52 kilos de gras
T'es comme ça, toi. Tu te vautres dans l'échec, tout le temps. Tu ruines ton corps, tu ruines ta vie, tu ruines tout. Au moins, t'es radicale, comme fille. T'as un programme bien défini : rater tes études, rater ta vie, exploser à force d'être une grosse merde. C'est beau comme l'apocalypse.
Tu crées une belle cohérence entre ton échec scolaire et ton échec physique. Tu te vautres dans ta médiocrité jusqu'au bout. Tu essaies de te rassurer et de penser au meilleur de toi-même : t'as déjà réussi, après tout. Et puis t'es pas si mauvaise et puis t'es pas si grosse et puis t'es pas si dégénérée. Alors tu ne fais rien, tu bouffes, tu roules dans ton gras jusqu'à t'étouffer mais tout va bien : t'es pas si... médiocre.

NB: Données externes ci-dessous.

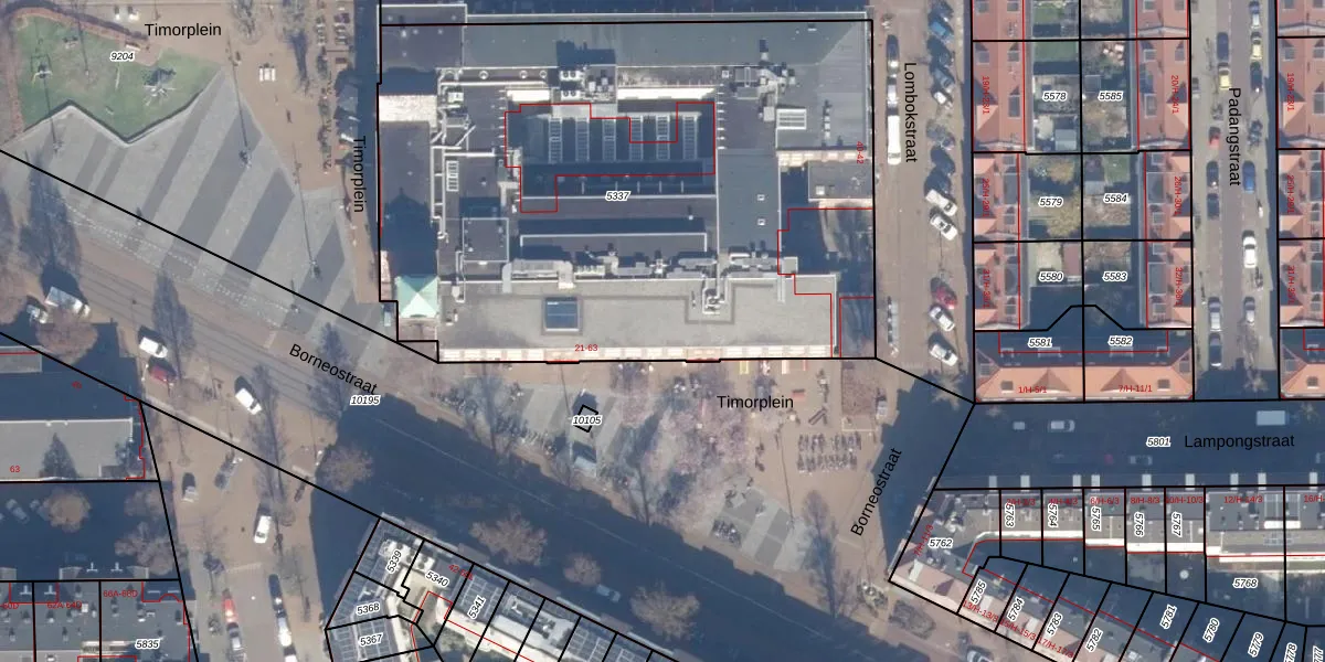 Het perceel waarop Timorplein 49 staat heeft een oppervlakte van 3761 m². Dit is een zeer groot perceel. De perceeloppervlakte wordt geregistreerd door het Kadaster. Gedetailleerde informatie over de maten van dit perceel kunt u vinden in het rapport Kadastrale kaart met maatvoering van Timorplein 49.

Puis la réalité te rattrape vers une heure du matin, après beaucoup de musique et beaucoup d'eau, tu te lèves, tu vas gerber et comme t'as attendu trop longtemps, c'est trop acide, ça te fait tellement mal que tu t'étouffes. Tu te relèves, tu vas voir ta sale gueule bouffie dans le miroir, tu croises tes yeux injectés de sang et tu te dis "Il va falloir trouver une punition".
C'est quand même drôlement minable de devoir te punir comme un enfant alors que tu sais qu'à chaque fois que tu essaies de faire la révolution pour accepter ton corps, ça ne marche pas, tu deviens juste une vieille limace grasse et fainéante qui ne vaut rien. Tu ne devrais même pas te poser la question ou essayer quoi que ce soit d'autre que de t'imposer une vie de rigueur, cette vie d'avant, cette vie parfaite de quand t'étais assez mince et folle pour réussir.
Cette ivresse te manque. Alors tu te balances une punition : plus jamais de pesée le matin, à jeûn. Ta pesée, c'est tous les soirs maintenant. Après manger. Jusqu'à ce que tu maigrisses vraiment, jusqu'à ce que tu arrêtes de manger toute la journée comme si t'allais mourir de pas enfoncer des trucs gras et sucrés dans ton estomac. Maintenant, tu vas devoir assumer, tous les soirs, avant d'aller te coucher, ce poids qui te fait honte, ce poids qui est inacceptable, ce poids qui symbolise tous tes échecs et ton cruel manque de sang froid, ton cruel manque de contrôle.
Mais qu'est-ce que tu croyais ? Tu croyais vraiment qu'en te regardant longuement dans le miroir et qu'en essayant de t'aimer quelque chose allait changer ? Tu ne peux pas aimer ce corps-là, tu ne peux pas aimer un corps qui en dit autant sur ta médiocrité. T'es médiocre, t'es pathétique, tu te fais honte.
Tu ne peux plus vivre avec toi-même. Tu n'as plus qu'à réussir ou mourir, parce que tout cela ne changera pas.